[Available records Boundary: Start]

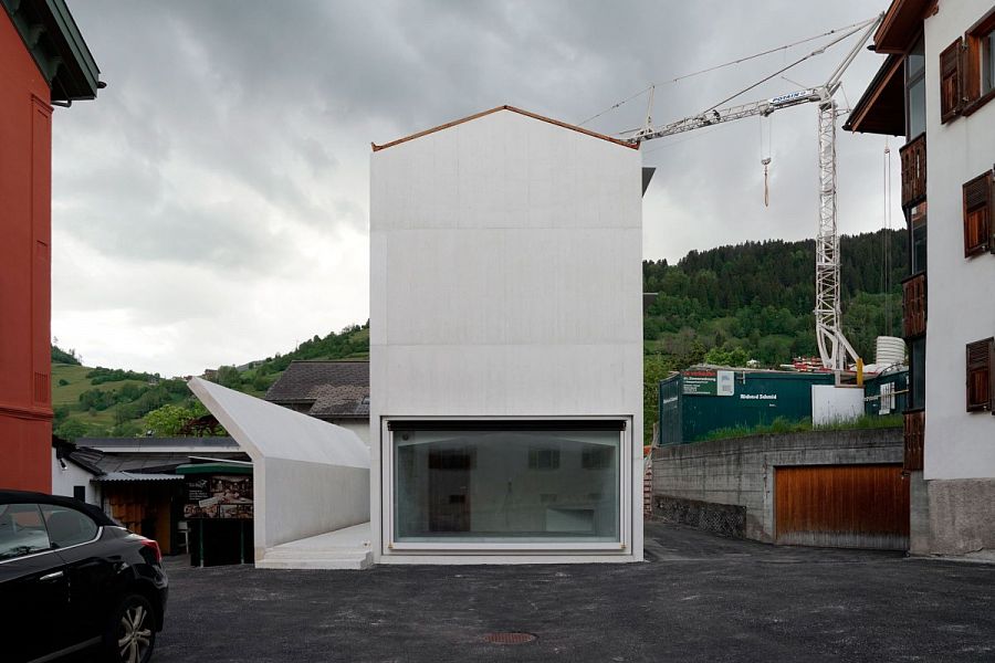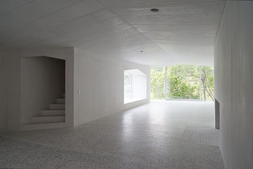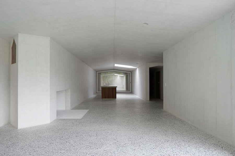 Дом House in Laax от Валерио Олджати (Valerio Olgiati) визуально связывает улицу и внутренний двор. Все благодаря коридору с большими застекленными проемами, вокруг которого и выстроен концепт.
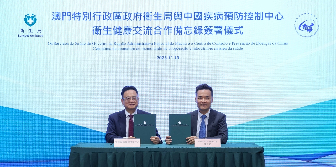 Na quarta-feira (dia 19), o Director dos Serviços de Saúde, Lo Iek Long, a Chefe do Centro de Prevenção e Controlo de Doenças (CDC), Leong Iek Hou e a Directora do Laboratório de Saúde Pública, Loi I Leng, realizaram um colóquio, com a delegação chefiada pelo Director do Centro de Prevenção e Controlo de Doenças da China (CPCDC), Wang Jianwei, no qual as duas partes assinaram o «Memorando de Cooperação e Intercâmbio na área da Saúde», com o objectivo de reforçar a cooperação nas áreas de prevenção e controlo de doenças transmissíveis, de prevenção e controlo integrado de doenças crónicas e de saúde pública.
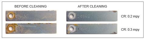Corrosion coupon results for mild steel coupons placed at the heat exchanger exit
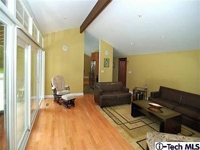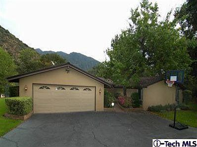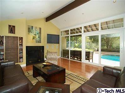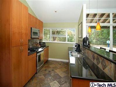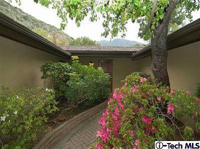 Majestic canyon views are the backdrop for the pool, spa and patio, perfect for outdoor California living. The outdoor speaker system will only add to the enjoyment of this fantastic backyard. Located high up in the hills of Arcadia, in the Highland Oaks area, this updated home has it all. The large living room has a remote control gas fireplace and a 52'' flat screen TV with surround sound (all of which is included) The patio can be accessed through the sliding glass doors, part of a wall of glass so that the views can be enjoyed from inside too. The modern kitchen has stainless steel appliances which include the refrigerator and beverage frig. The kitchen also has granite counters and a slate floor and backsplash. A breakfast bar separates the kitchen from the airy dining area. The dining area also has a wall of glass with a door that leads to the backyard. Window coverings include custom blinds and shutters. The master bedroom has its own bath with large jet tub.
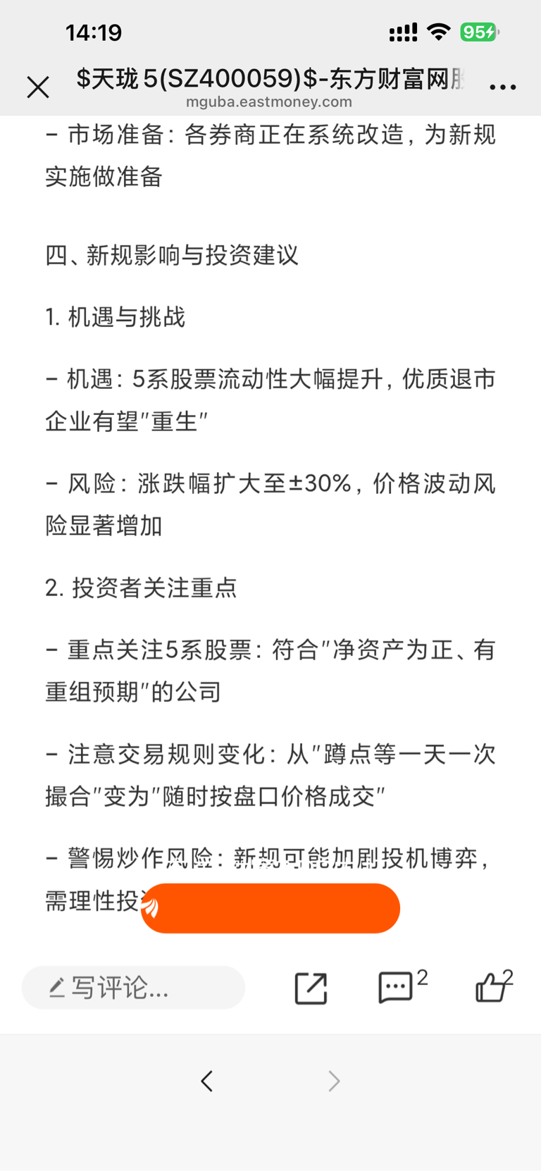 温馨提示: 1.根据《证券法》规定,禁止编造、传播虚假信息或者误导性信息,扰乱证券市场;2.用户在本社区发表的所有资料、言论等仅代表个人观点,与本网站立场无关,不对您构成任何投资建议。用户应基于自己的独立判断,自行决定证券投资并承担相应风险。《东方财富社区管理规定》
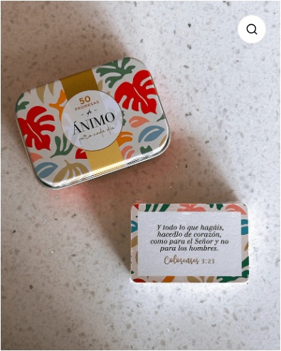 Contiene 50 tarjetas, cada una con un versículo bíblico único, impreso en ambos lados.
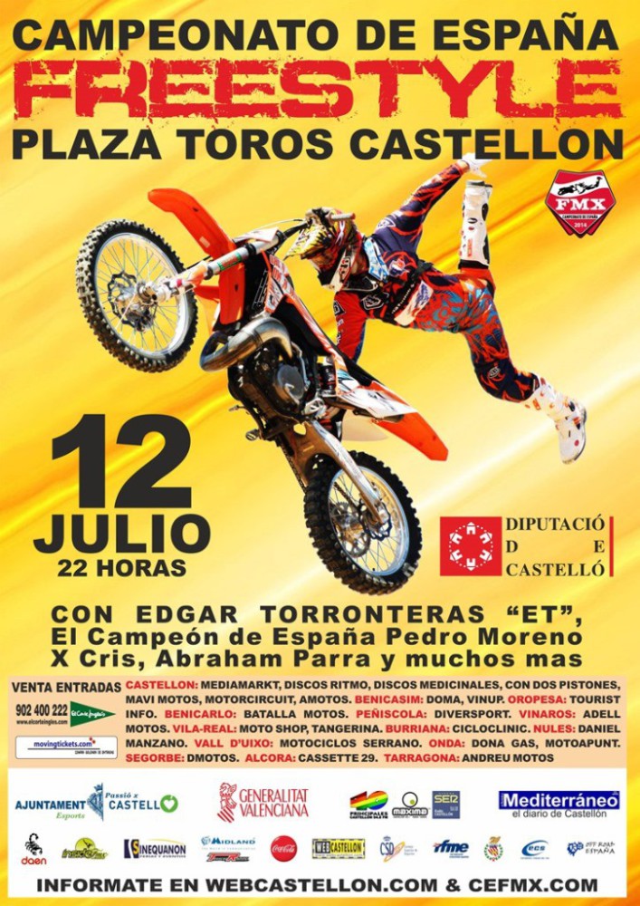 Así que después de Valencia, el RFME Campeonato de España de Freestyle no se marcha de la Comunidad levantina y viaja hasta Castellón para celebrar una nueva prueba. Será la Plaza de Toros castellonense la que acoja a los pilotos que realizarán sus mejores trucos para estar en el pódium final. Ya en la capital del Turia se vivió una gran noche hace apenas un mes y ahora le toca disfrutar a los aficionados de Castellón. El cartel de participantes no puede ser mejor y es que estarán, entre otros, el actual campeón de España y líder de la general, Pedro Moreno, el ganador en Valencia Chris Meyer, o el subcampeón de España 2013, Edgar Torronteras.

[Available records Boundary: End]
[Available records Boundary: Start]

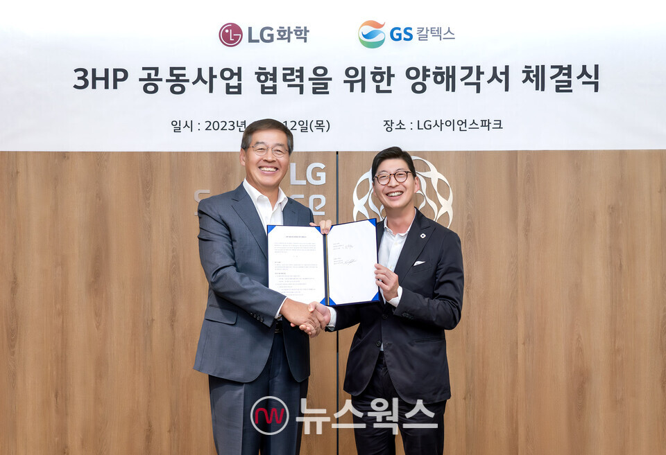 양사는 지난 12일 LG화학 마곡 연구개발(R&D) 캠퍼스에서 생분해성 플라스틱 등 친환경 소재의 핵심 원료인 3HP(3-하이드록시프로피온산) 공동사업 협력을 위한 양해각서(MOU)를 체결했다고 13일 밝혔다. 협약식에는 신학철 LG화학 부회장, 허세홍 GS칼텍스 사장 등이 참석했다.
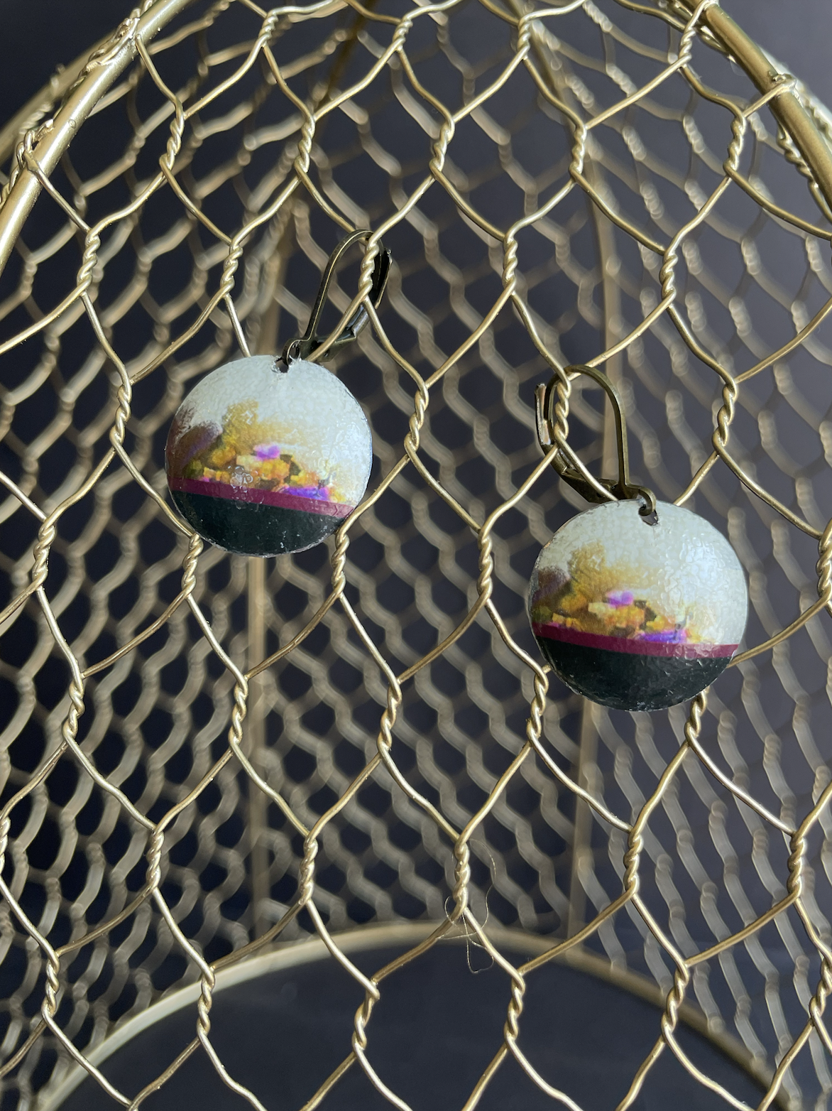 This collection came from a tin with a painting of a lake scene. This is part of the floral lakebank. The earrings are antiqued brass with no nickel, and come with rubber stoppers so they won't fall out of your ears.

[Available records Boundary: End]

[What the exercise asks] Print the part of the listing above that opens with the line containing "Na quarta-feira (dia" and closes with the line containing "Majestic canyon views". Copy it exactly, both ends included, and omit the pictures.

[Exercise output]
 Na quarta-feira (dia 19), o Director dos Serviços de Saúde, Lo Iek Long, a Chefe do Centro de Prevenção e Controlo de Doenças (CDC), Leong Iek Hou e a Directora do Laboratório de Saúde Pública, Loi I Leng, realizaram um colóquio, com a delegação chefiada pelo Director do Centro de Prevenção e Controlo de Doenças da China (CPCDC), Wang Jianwei, no qual as duas partes assinaram o «Memorando de Cooperação e Intercâmbio na área da Saúde», com o objectivo de reforçar a cooperação nas áreas de prevenção e controlo de doenças transmissíveis, de prevenção e controlo integrado de doenças crónicas e de saúde pública.
Corrosion coupon results for mild steel coupons placed at the heat exchanger exit
 Majestic canyon views are the backdrop for the pool, spa and patio, perfect for outdoor California living. The outdoor speaker system will only add to the enjoyment of this fantastic backyard. Located high up in the hills of Arcadia, in the Highland Oaks area, this updated home has it all. The large living room has a remote control gas fireplace and a 52'' flat screen TV with surround sound (all of which is included) The patio can be accessed through the sliding glass doors, part of a wall of glass so that the views can be enjoyed from inside too. The modern kitchen has stainless steel appliances which include the refrigerator and beverage frig. The kitchen also has granite counters and a slate floor and backsplash. A breakfast bar separates the kitchen from the airy dining area. The dining area also has a wall of glass with a door that leads to the backyard. Window coverings include custom blinds and shutters. The master bedroom has its own bath with large jet tub.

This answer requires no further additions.